In May, the state board for charter schools determined Allsport’s charter should be revoked after the school did not meet any of the board’s criteria for improvement.
Allsport officials then requested a hearing with the judge at the state Office of Administrative Hearings.
The board’s decision was triggered by an F grade the school received from the Arizona Department of Education for the 2011-12 school year, which was preceded by a D in 2010-11 and an underperforming label in 2009-10.
Allsport also received an F in the 2012-13 edition of the state’s letter grades.
If a charter school receives an F, the board has to decide whether to help restore the school to acceptable performance or revoke its charter.
Allsport officials submitted a portfolio of evidence showing its progress in April, which was followed by a visit to the school from board officials later that month. After the visit, board officials decided the school didn’t show enough improvement.

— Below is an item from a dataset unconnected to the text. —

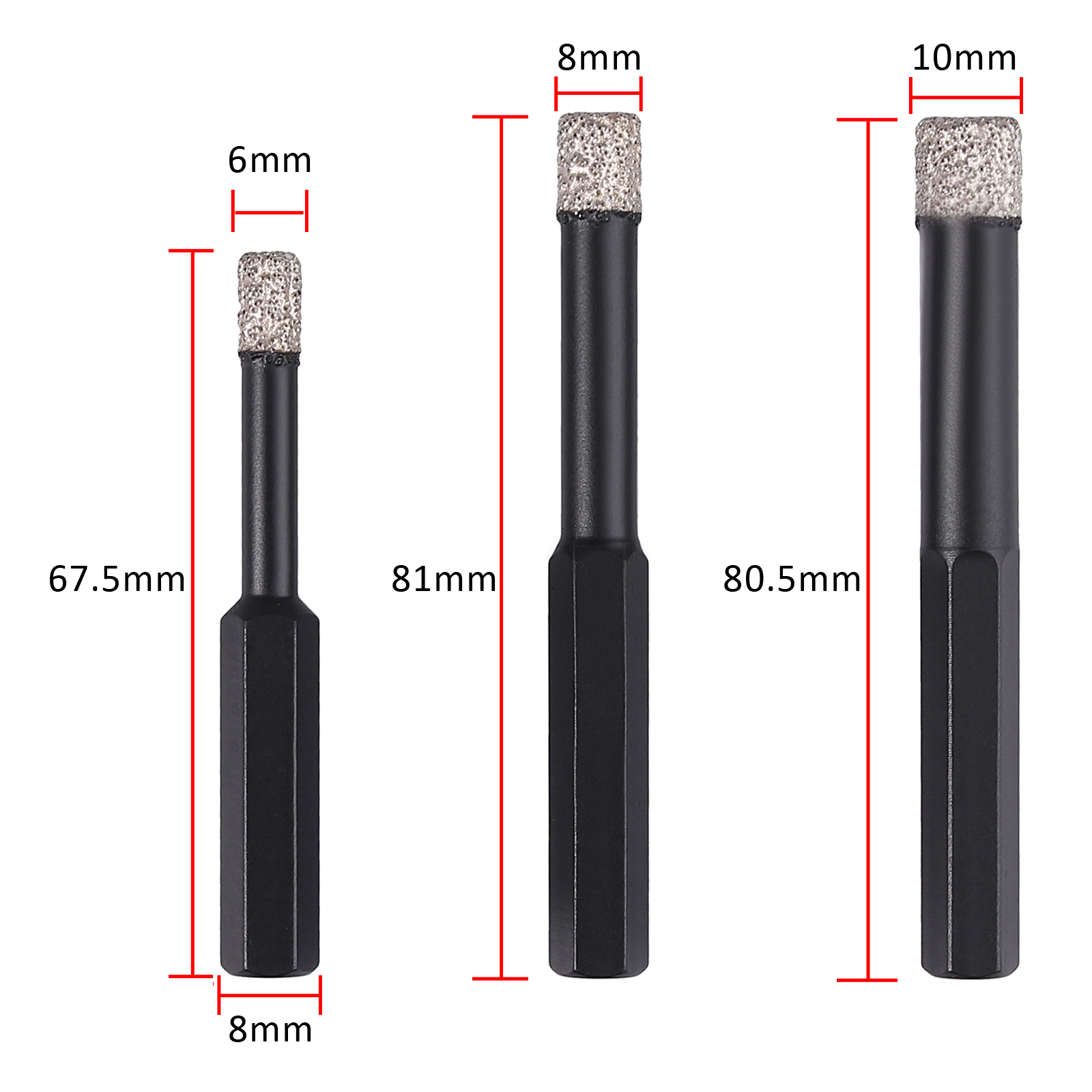3 x Diamant-Trockenbohrer (6 mm, 8 mm, 10 mm)

According to board documents, the board made its decision because the school failed to implement an improvement plan to raise its academic standing, provide evidence of a curriculum aligned with state standards and provide a comprehensive professional development plan for teachers, among other issues.
More specifically, school officials didn’t provide evidence that they were using curriculum maps, lesson plans, teacher evaluations and student assessment tests that met the board’s requirements.
The school also failed to meet the board’s financial-performance expectations, which indicates it lacked the capacity to improve student academics.
Allsport suffered from low test scores on AIMS, the state’s assessment test, although Moses Montoya said earlier this year the students already struggled with state standards before they arrived at the school.
The school, which had 52 students as of August, caters to young athletes, offering a mixture of athletic programs and academics that will prepare them for high school, according to school officials.